> [DIRECTIONS FOR THIS TASK]: Your task is to retype, word for word, the lines from the start of the data through the line holding "- 4-IN-1 CONVERTIBLE". Do not include the pictures.

> [INPUT DATA]:
··········

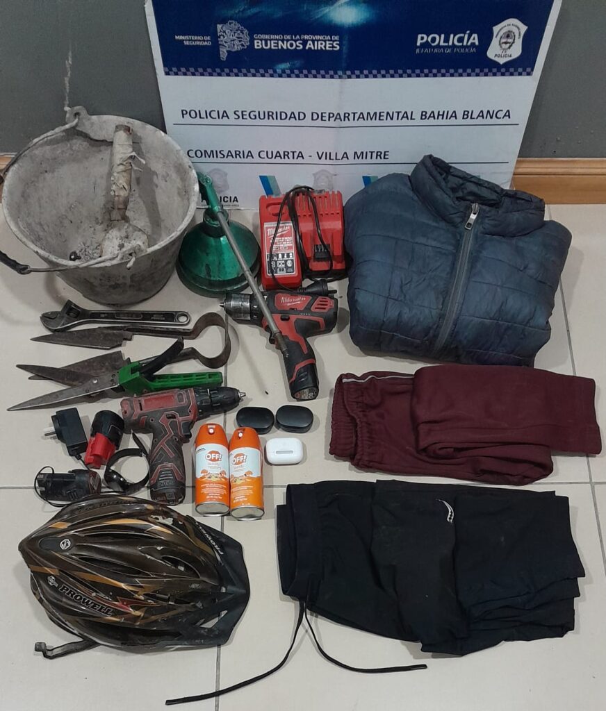 - Herramientas: Se recuperaron un destornillador y un taladro inalámbrico con sus respectivos cargadores y baterías, una llave francesa, un balde y una cuchara de albañil, y tijeras de tusar.
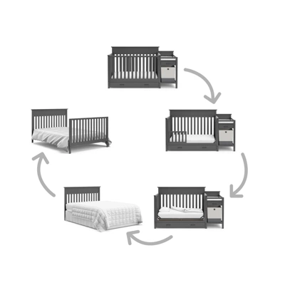 - 4-IN-1 CONVERTIBLE CRIB AND CHANGER: The Storkcraft Arizona Crib and Changer Converts from baby crib (mattress sold separately) to toddler bed (compatible with 1 or 2 toddler guardrails, each sold separately), daybed, and full-size bed (compatible full-size conversion kit sold separately)
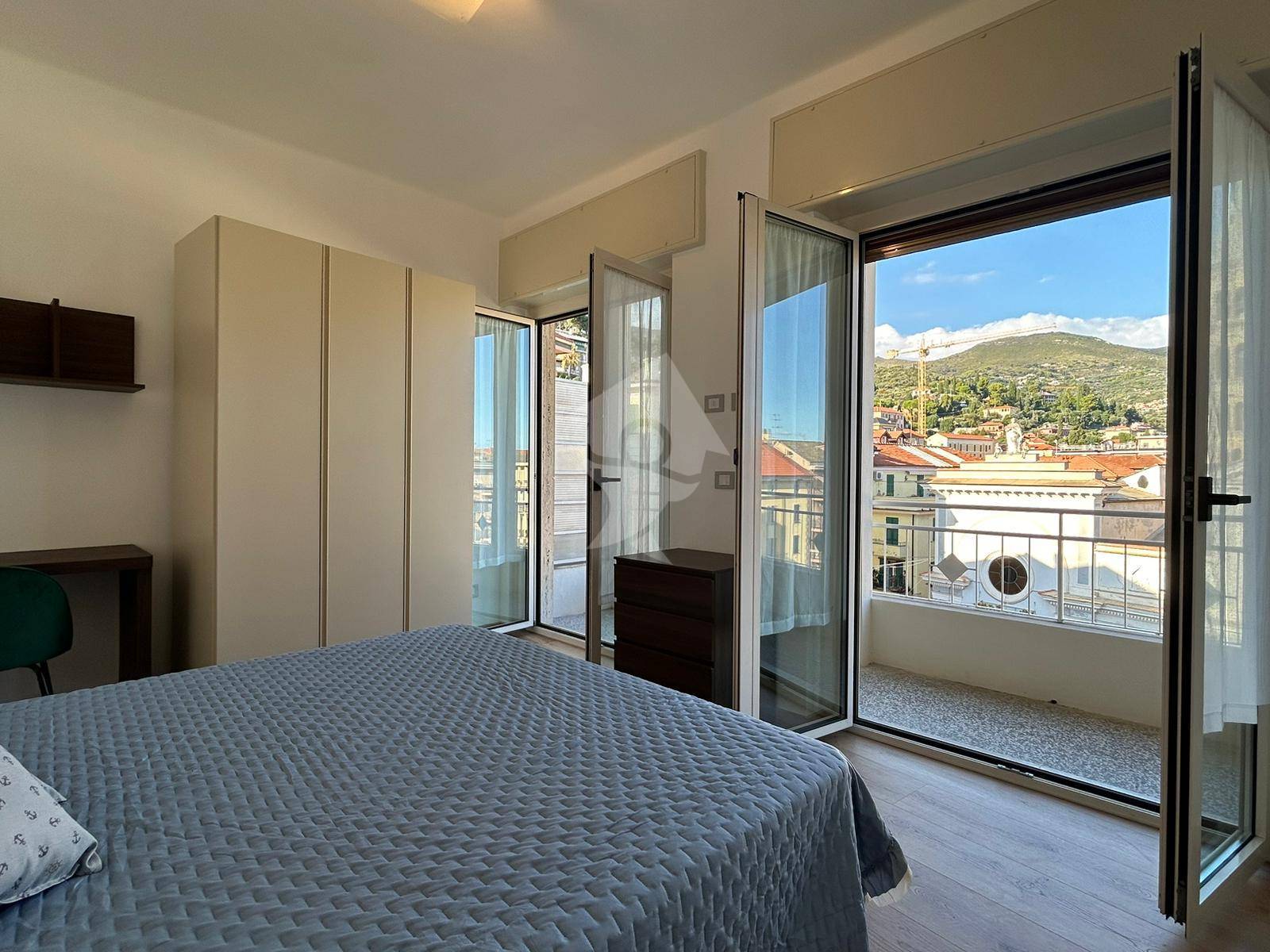 La camera matrimoniale, accogliente e ben proporzionata, è dotata di un balconcino privato, mentre la zona giorno, luminosa e ariosa, ospita un angolo cottura perfettamente integrato e si apre su un balcone semi-tondo, ideale per momenti di relax con vista.

··········

> [RESPONSE TO THIS EXERCISE]:
 - Herramientas: Se recuperaron un destornillador y un taladro inalámbrico con sus respectivos cargadores y baterías, una llave francesa, un balde y una cuchara de albañil, y tijeras de tusar.
 - 4-IN-1 CONVERTIBLE CRIB AND CHANGER: The Storkcraft Arizona Crib and Changer Converts from baby crib (mattress sold separately) to toddler bed (compatible with 1 or 2 toddler guardrails, each sold separately), daybed, and full-size bed (compatible full-size conversion kit sold separately)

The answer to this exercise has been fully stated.